Material shown below:

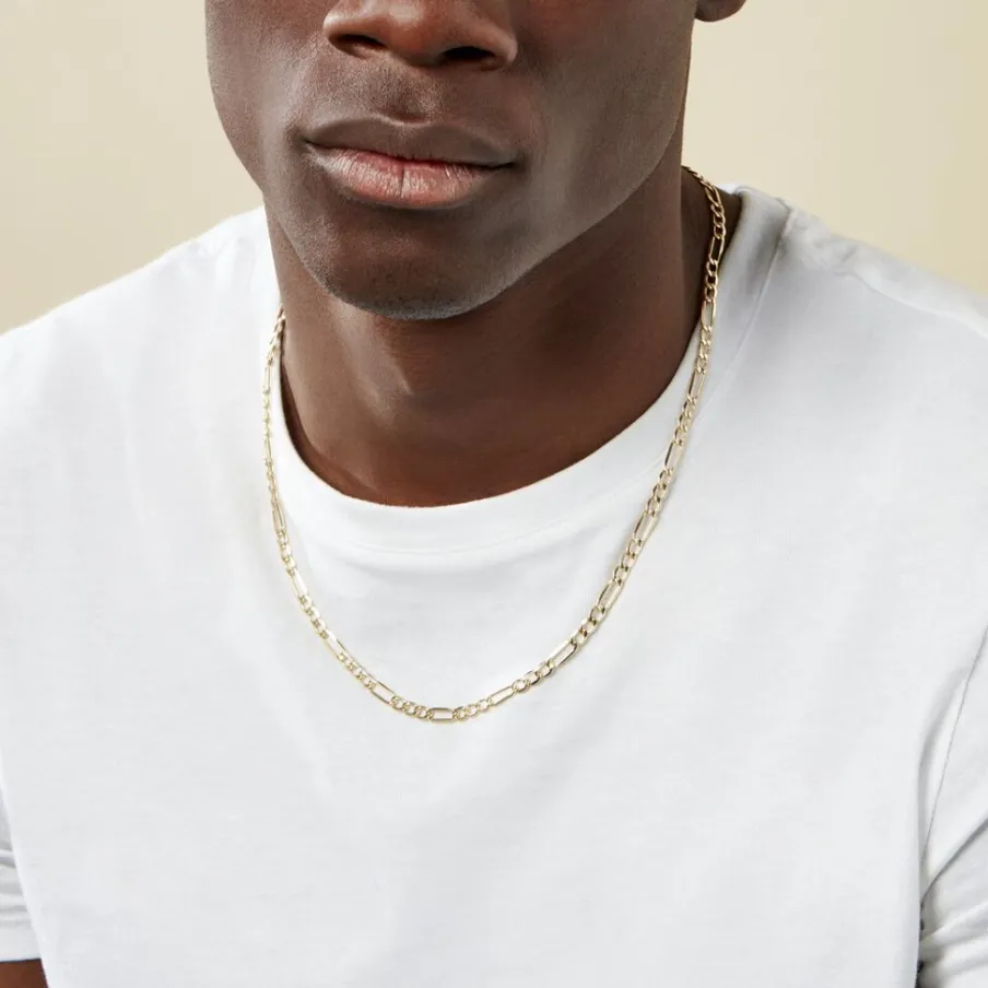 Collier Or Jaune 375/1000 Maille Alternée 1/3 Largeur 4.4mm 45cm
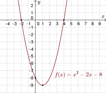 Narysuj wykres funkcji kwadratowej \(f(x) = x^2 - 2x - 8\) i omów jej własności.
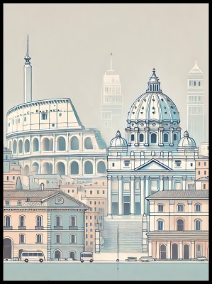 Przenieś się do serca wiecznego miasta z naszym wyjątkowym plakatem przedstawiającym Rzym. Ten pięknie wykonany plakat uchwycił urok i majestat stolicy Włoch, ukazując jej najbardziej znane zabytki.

End of Material shown.
Material shown below:

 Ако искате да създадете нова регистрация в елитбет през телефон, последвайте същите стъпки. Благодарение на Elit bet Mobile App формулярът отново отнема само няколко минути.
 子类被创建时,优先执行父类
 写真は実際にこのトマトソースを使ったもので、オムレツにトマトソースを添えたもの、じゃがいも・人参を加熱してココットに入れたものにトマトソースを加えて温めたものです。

End of Material shown.
Material shown below:

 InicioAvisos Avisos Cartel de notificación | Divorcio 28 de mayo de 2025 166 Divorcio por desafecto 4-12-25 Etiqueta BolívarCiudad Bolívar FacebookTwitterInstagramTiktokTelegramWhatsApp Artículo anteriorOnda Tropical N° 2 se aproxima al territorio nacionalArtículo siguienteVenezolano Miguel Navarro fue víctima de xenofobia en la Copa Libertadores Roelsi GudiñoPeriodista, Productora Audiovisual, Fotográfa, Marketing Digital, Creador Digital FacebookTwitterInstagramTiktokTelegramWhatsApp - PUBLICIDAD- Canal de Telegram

End of Material shown.

Although the records above contain pictures, the copy must not; set down exactly the lines from the one with "Narysuj wykres funkcji" up to and including the one with "Przenieś się do".

### [Result of the task]
 Narysuj wykres funkcji kwadratowej \(f(x) = x^2 - 2x - 8\) i omów jej własności.
 Przenieś się do serca wiecznego miasta z naszym wyjątkowym plakatem przedstawiającym Rzym. Ten pięknie wykonany plakat uchwycił urok i majestat stolicy Włoch, ukazując jej najbardziej znane zabytki.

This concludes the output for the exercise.